This work examines a new multivariate kNN imputation method (wkNNr), applied on a large and naturally incomplete PM2.5 dataset that is comprised of eight years (2012–2019) of half-hourly observations from 59 AQM stations spread across Israel. The work extends beyond past studies in the following ways: (i) the new method uses the correlations between the AQM stations’ records to weigh the distance between observations, (ii) lagging and leading observations are accounted for as additional model inputs that can supply information on short-term temporal associations, and (iii) the imputation is based only on the non-missing PM2.5 records in the dataset, thus enabling the use of other auxiliary data in advanced analyses without fearing collinearity. We compared the new model results to those obtained by applying an iterative imputation scheme, which has been shown to outperform many other imputation algorithms and was therefore chosen to serve as a benchmark. We evaluated the performance of the new method on randomly removed time-intervals of various lengths, using three performance metrics: normalized root mean squared error (NRMSE), coefficient of determination (R2), and normalized mean absolute error (NMAE). The imputation models’ performance was evaluated for each AQM station and different lengths of artificially removed data intervals, and the influence of seasonality was also examined. A parallel Python implementation of the new kNN-based multivariate imputation method is available on github.

2. Materials and Methods

2.1. Study Area and Data

PM2.5 observations were obtained from the Technion Center of Excellence in Exposure Science and Environmental Health (TCEEH) Air Pollution Monitoring Database (TAPMD). The TAPMD holds all the air quality monitoring (AQM) records observed in Israel since 1995, collected by the Ministry of Environmental Protection (MoEP) and by other agencies, using EPA-approved instruments. The data have passed a routine quality assurance procedure [29]. The number of reporting AQM stations increased around 2011 due to the phase-in of the Israel Clean Air Act. Thus, we limited the study period to the years 2012–2019, resulting in a dataset of, at most, 140,256 half-hourly observations in each of the AQM stations whose data were used.
We used all the 59 AQM stations (Figure 1) that operated during the study period and monitored fine airborne particles (PM2.5). Most PM2.5 AQM stations in Israel are situated around five densely populated metropolitan areas (Figure 1): (i) Haifa, in the northern coastal plain, (ii) Tel-Aviv (Gush Dan), in the central coastal plain, (iii) Jerusalem, in the Judah Mountains, (iv) Ashdod, in the southern coastal plain, and (v) Ashkelon, which is also located in the southern coastal plain. The 2012–2019 PM2.5 annual means and standard deviations (SD) in these areas were 17.9 (1.4) μg/m3, 22 (1.5) μg/m3, 19.8 (2.5) μg/m3, 20.7 (1.5) μg/m3, and 19.1 (1.1) μg/m3, respectively. These levels exceed the World Health Organization (WHO) recommended PM2.5 annual mean (5 μg/m3) as well as the annual US National Air Quality Standards (NAQS) for PM2.5 (12 μg/m3). The major local anthropogenic PM2.5 sources in Israel are transportation and industrial plants. However, a substantial fraction of the total observed PM2.5 levels results from transboundary transport that is carried to Israel during certain synoptic conditions. For example, mineral dust is carried to the region from the Sahara Desert and the Arabian Peninsula during the winter and the transition seasons, while secondary/ aged particles are transported to Israel from eastern and southern Europe mainly in the summer. Clearly, the particles that reach Israel as part of this long-range transboundary transport have different physicochemical properties (size distribution, composition, etc.), and the phenomena are characterized by distinct intensity (concentrations) and length (duration) [34,35,36,37,38].

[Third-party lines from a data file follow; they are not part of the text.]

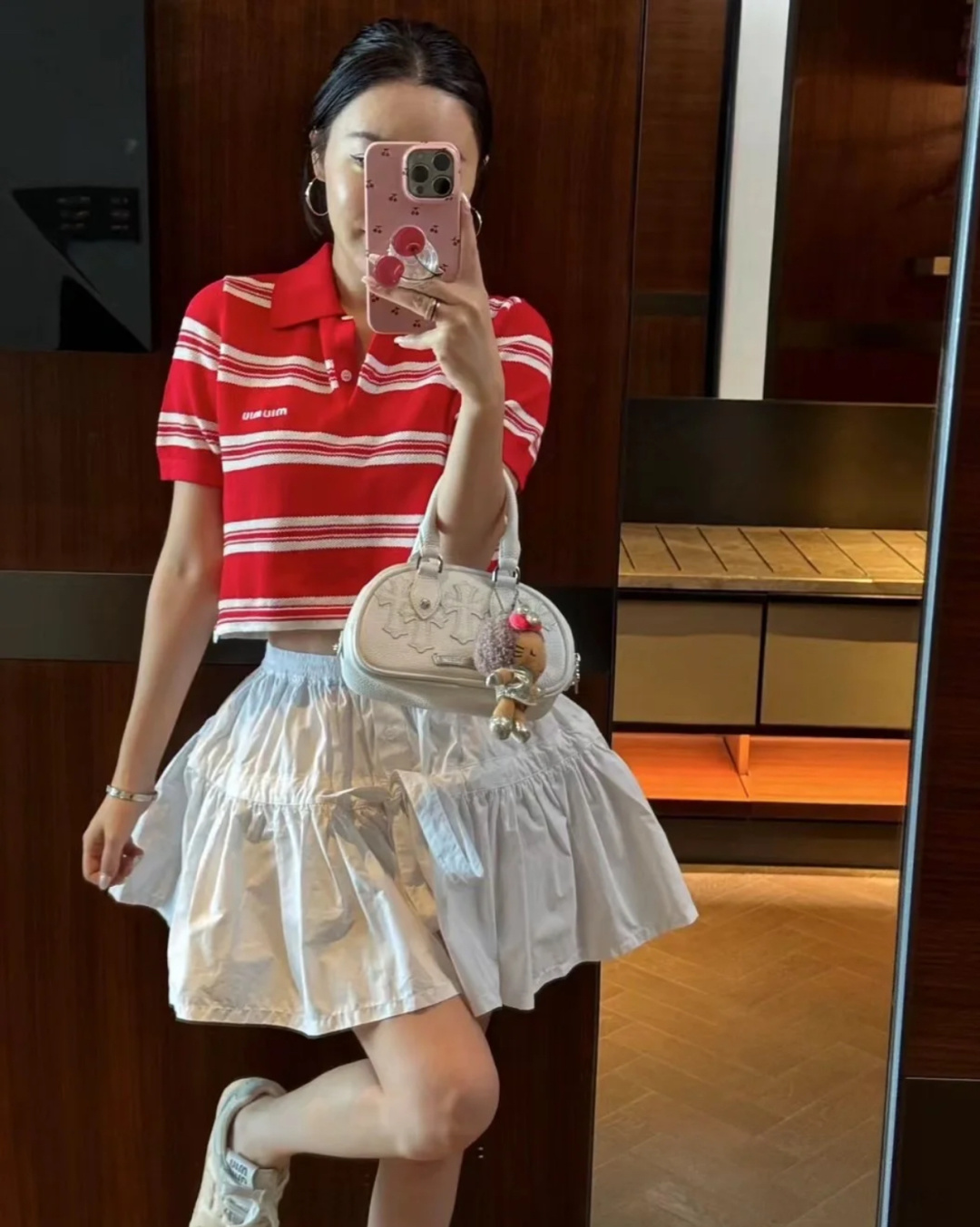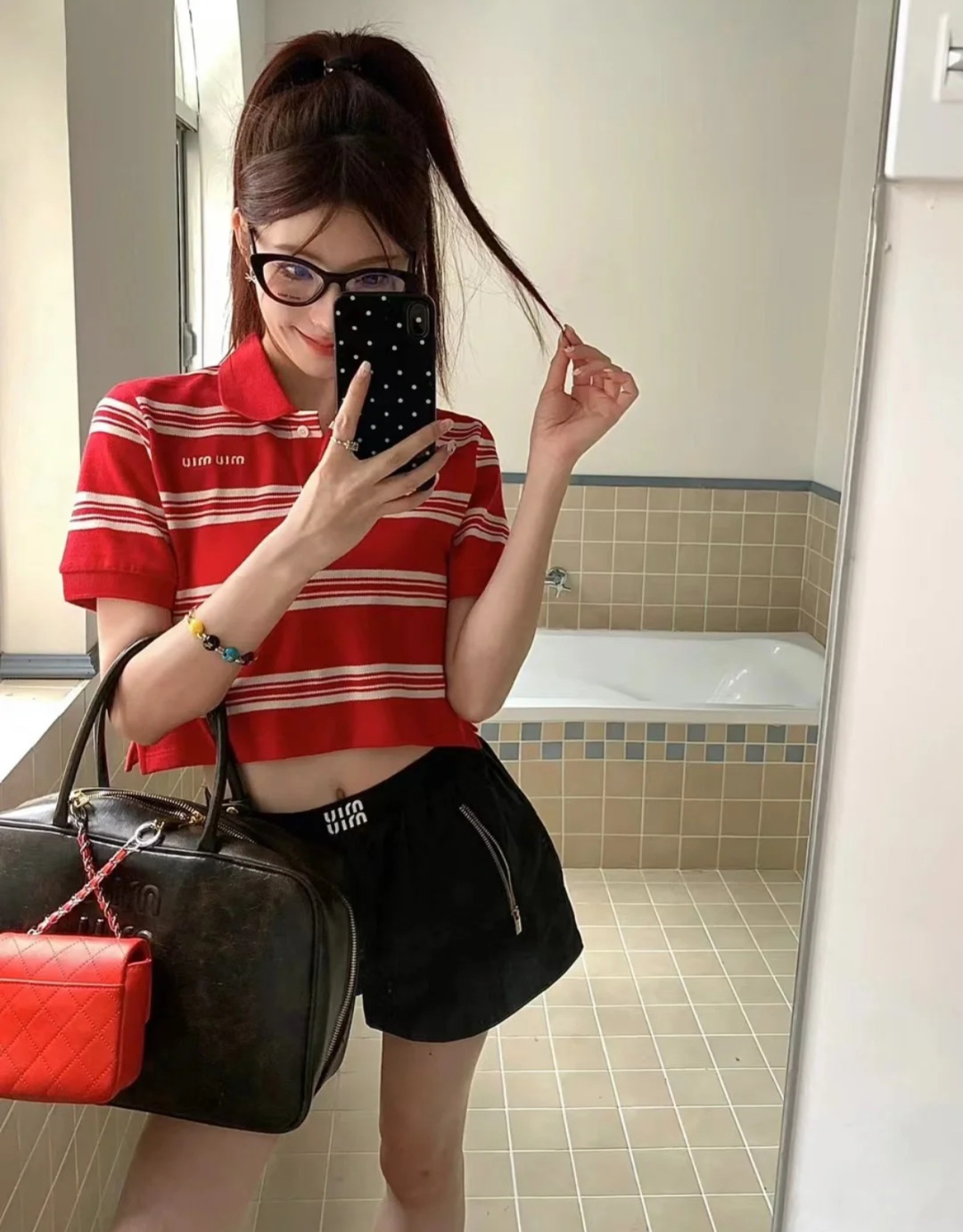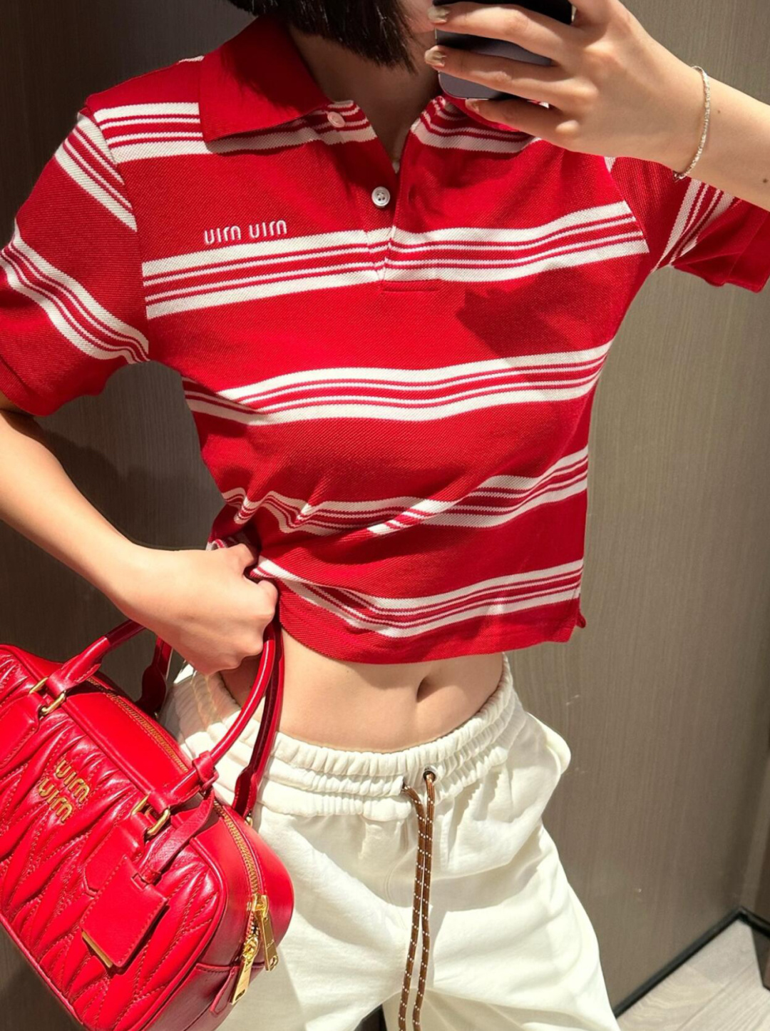 这款衣服是AAAAA 1:1 质量 (非常棒). 使用了和原版一模一样的材料. 商标部分也保持了和缪缪/Miu Miu一样. 图片拍摄是实物衣服拍摄, 您所收到的实物保证和我们图片一模一样.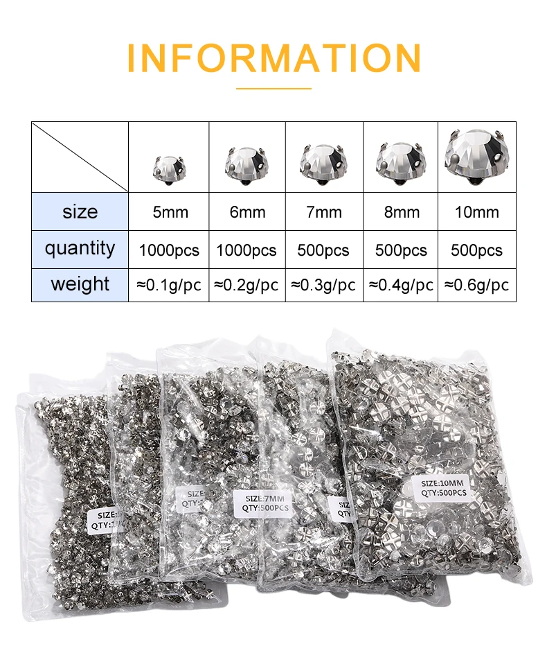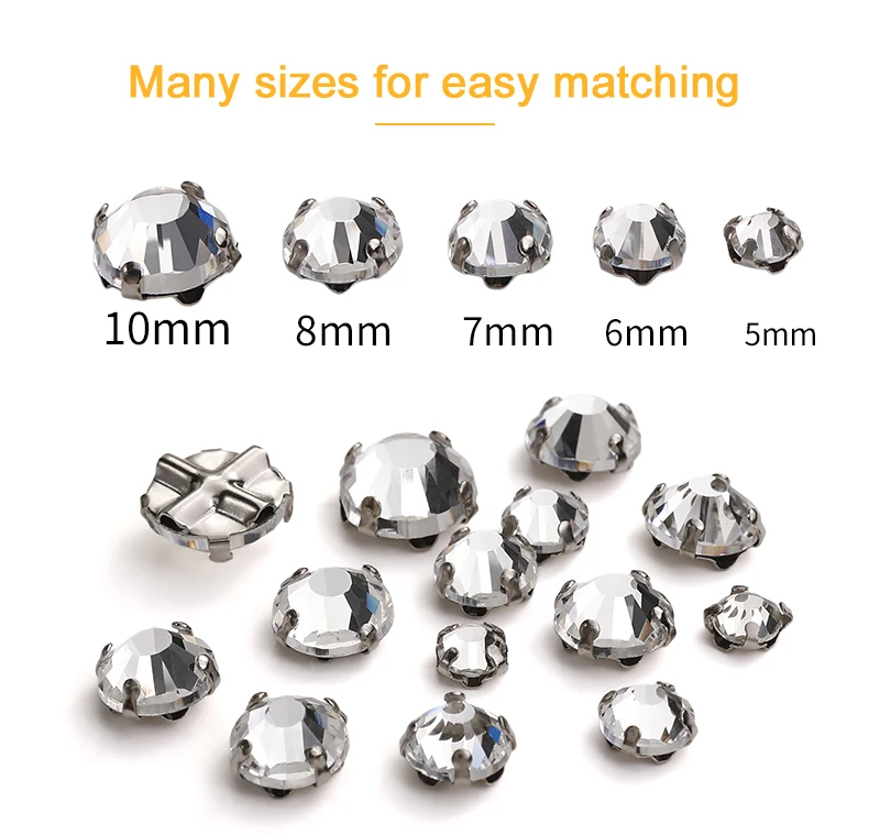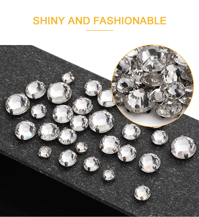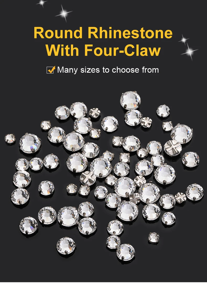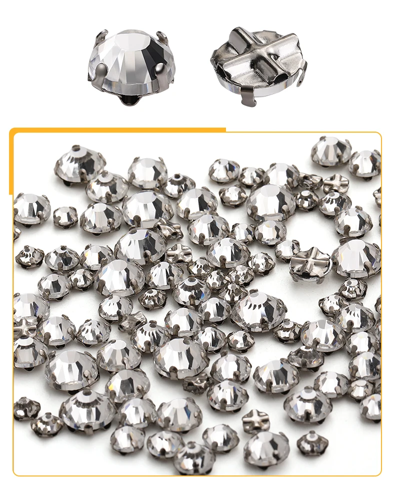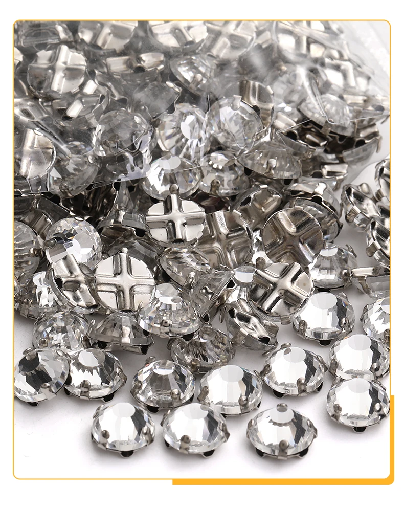 Xichuan Transparent Thickened Round Cross Copper Claw Rhinestone Silver Sew on Crystal Stones Dress Clothing-Diy Accessories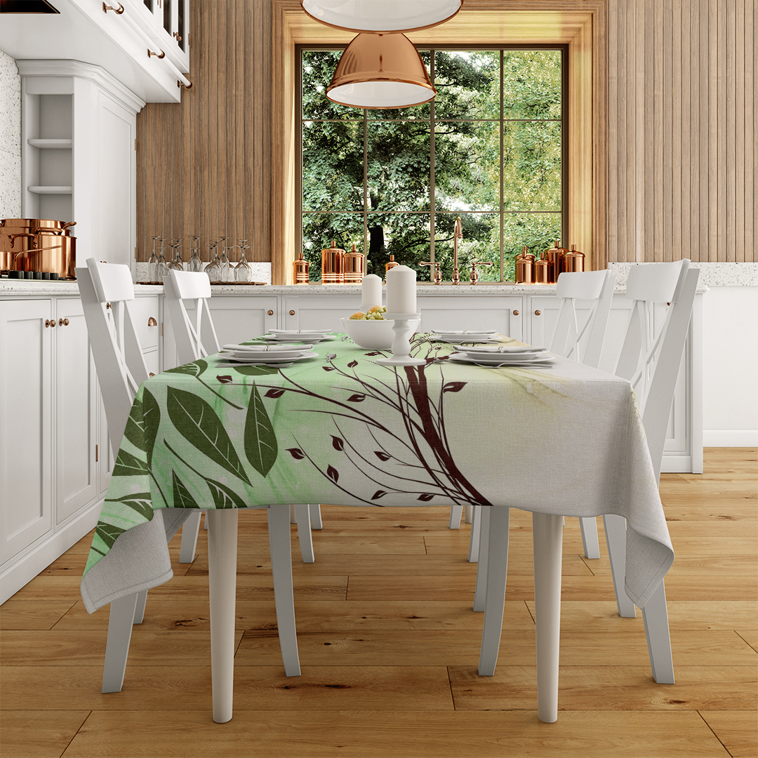 Bu tasarım, doğanın iki farklı unsurunun – zarif yapraklar ve organik dallar – bir araya gelerek oluşturduğu uyumu ve hareketi yakalar. Yaprakların canlı yeşili ve dalların sıcak kahverengisi, dinamik bir kontrast oluştururken, desenin akışı izleyiciye huzur ve canlılık hissi verir. Bu eser, doğanın ritmini ve ahengini mekanlara taşıyarak, ortama enerji ve zarafet katar.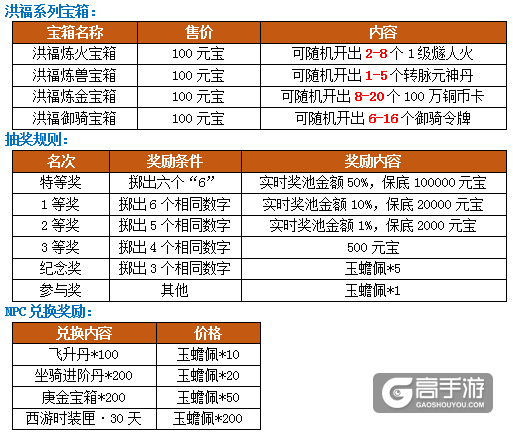 1、宝箱售价100元宝,玩家除获得随机数量道具之外还可获得一个【金鼎卷轴】,凭借此物去NPC处进行掷骰子抽奖。2、玩家可以选择掷6次骰子抽一次,也可以选择一次性掷出6次骰子。3、奖池为永久累计,玩家点击【洪福鼎】即可实时查看奖池金额。4、参与奖和纪念奖奖励为【玉蟾佩】,玩家可凭借此道具在红金宝处选择兑换多种奖励哦!所有奖励一旦中出将通过邮件即时发放!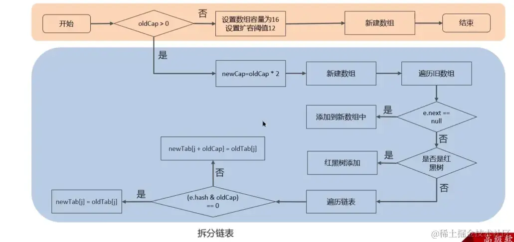 resize()进行扩容,第一次添加数据时初始化数组长度为16,设置扩容阈值为12,之后每次元素数量达到扩容阈值时再进行扩容。 - 每次扩容时,新数组的容量都是之前的2倍。
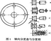 在圖2中,圖a是矩形槽盤;盤b、c是斜面槽盤;圖d是用齒形槽盤及其各種分度銷結(jié)構(gòu)。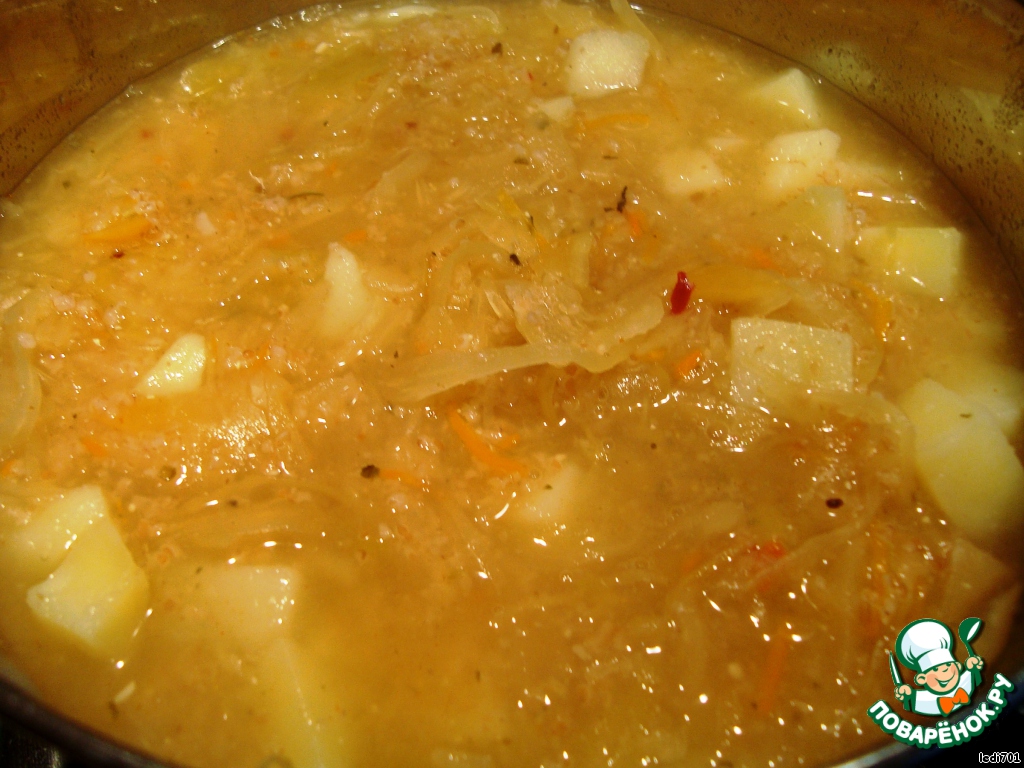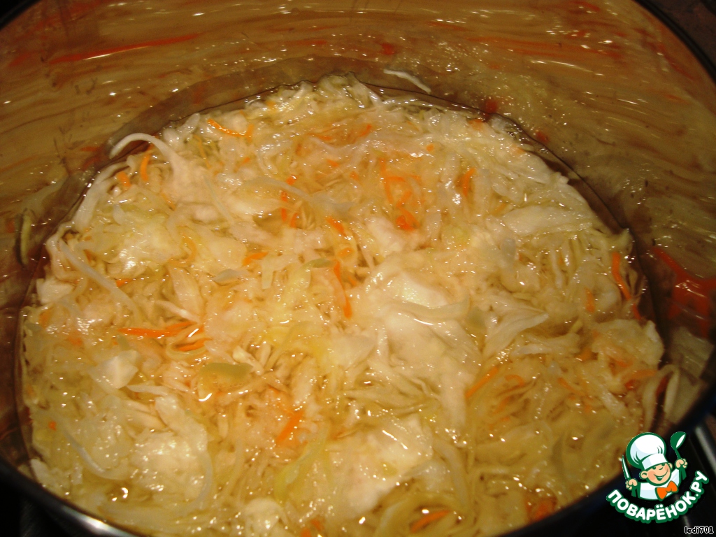 Когда сварится капуста и картофель с крупой, все перемешать вместе.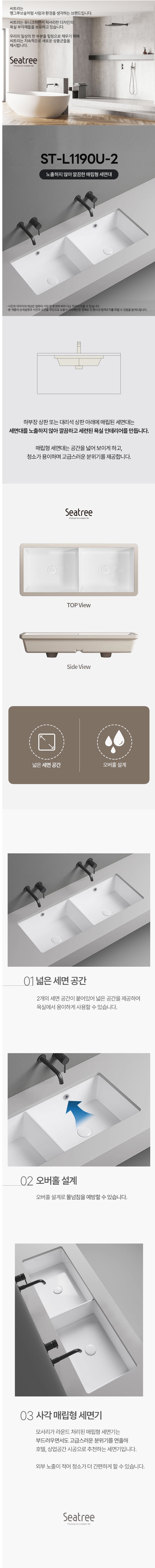 씨트리 사각 대형 언더볼 세면대 2볼 세면기 ST-L1190U-2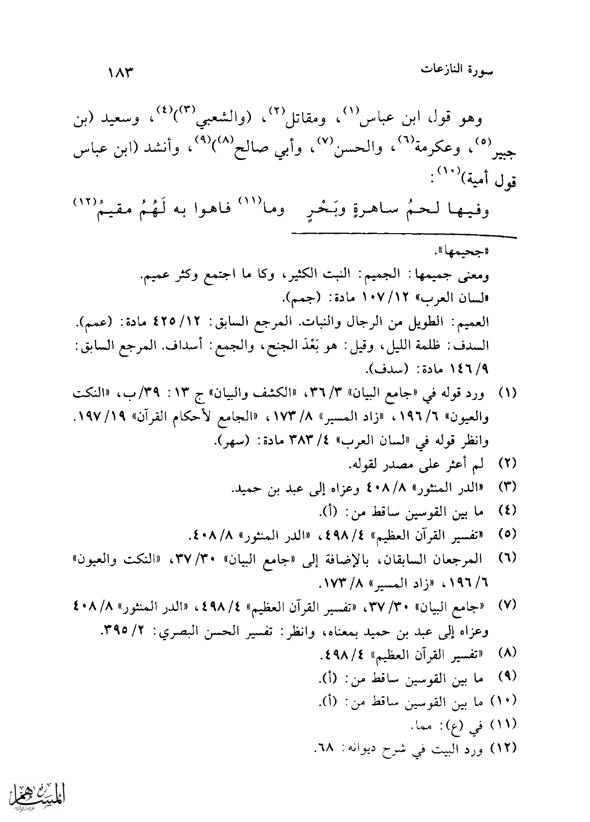 (¬1) ورد قوله في "جامع البيان" 3/ 36، "الكشف والبيان" ج 13: 39/ ب، "النكت والعيون" 6/ 196، "زاد المسير" 8/ 173، "الجامع لأحكام القرآن" 19/ 197. وانظر قوله في "لسان العرب" 4/ 383 مادة: (سهر).

2.2. Missing-Data Characteristics

Twenty-three out of the 59 AQM stations in the dataset were characterized by poor data coverage, each with accumulated missing observations of >4 years during the study period (i.e., >50% missing observations). Thus, although missing observations were imputed in all the 59 AQM stations, we did not use the latter 23 AQM stations for model evaluation, due to the inevitable higher uncertainty in their imputed values.
On average, the percentage of missing PM2.5 observations (out of the total possible 140,256 observations) in the 36 AQM stations with <4 years of accumulated missing observations was 20.4%, with a median and a SD of 22% and 12.9%, respectively. Table 1 presents the distribution of lengths of the missing-data intervals in these 36 AQM stations. About 93% of the missing PM2.5 intervals were very short (≤3 h), however, their total missing time points accounted only for about 7% of the overall missing observations. Figure 2 depicts the temporal coverage of these 36 AQM stations’ datasets, with missing values marked in grey. The mechanism responsible for the missing observations has a profound influence on the characteristics that are presented in Table 1 and Figure 2, as well as on the imputation performance. For standard air quality monitoring data, it is common to assume a “missing at random” (MAR) mechanism [17,39,40], with the probability of an observation to be missing independent of the missing value itself, although it might be influenced by an external cause [41].

2.3. Workflow

The research workflow included the following steps:
(i)
Setting aside a test set for the imputation models’ performance evaluation. For each AQM station, this set included N randomly sampled chunks of observations of length L, denoted hereafter “time-windows” (N  ×  L: 720 × 0.5 h, 360 × 1 h, 180 × 2 h, 120 × 3 h, 120 × 6 h, 30 × 24 h (1 d), 20 × 36 h, 10 × 72 h, 3 × 240 h (10 d), and 1 × 720 h (30 d, i.e., 1 m)), that were artificially designated as missing (marked in red in Figure 2). The artificially removed data intervals were categorized into four categories: very short (0.5 h, 1 h, 2 h, 3 h), short (6 h, 24 h), medium-length (36 h, 72 h), and long (10 d, 30 d). Overall, in each of the 36 AQM stations with accumulated missing observations ≤4 years (marked in bold in Table S1 in the Supplementary Materials), 11,520 time points (half hours) served as the test set, corresponding on average to 11% (9–17%) of the non-missing observations.
(ii)
Tuning the models’ hyperparameters using a cross-validation (CV) procedure with repeated random sub-sampling of the training set (marked in blue in Figure 2). In each iteration, a sub-sample of the training set was designated as missing and served as a validation set against which the model performance was examined for different hyperparameters. The tuning of the hyperparameters was conducted separately for the very short, short, medium-length, and long time-window categories of the artificial missing data. Each of these category-based sub-samples accounted for 12% (9–20%) of the training set.
Figure 2. Temporal coverage of PM2.5 observations at the 59 AQM stations in the years 2012–2019. Grey—missing observations, blue and red—non-missing observations. Blue—the training set, red—the test set used for model evaluation, comprised of randomly selected artificially missing time-windows of different lengths (0.5 h, 1 h, 2 h, 3 h, 6 h, 24 h, 36 h, 72 h, 10 d, and 30 d). Station names are specified in Table S1 in the Supplementary Materials. The test set (red) was extracted only from the 36 AQM stations with accumulated missing data of ≤4 years.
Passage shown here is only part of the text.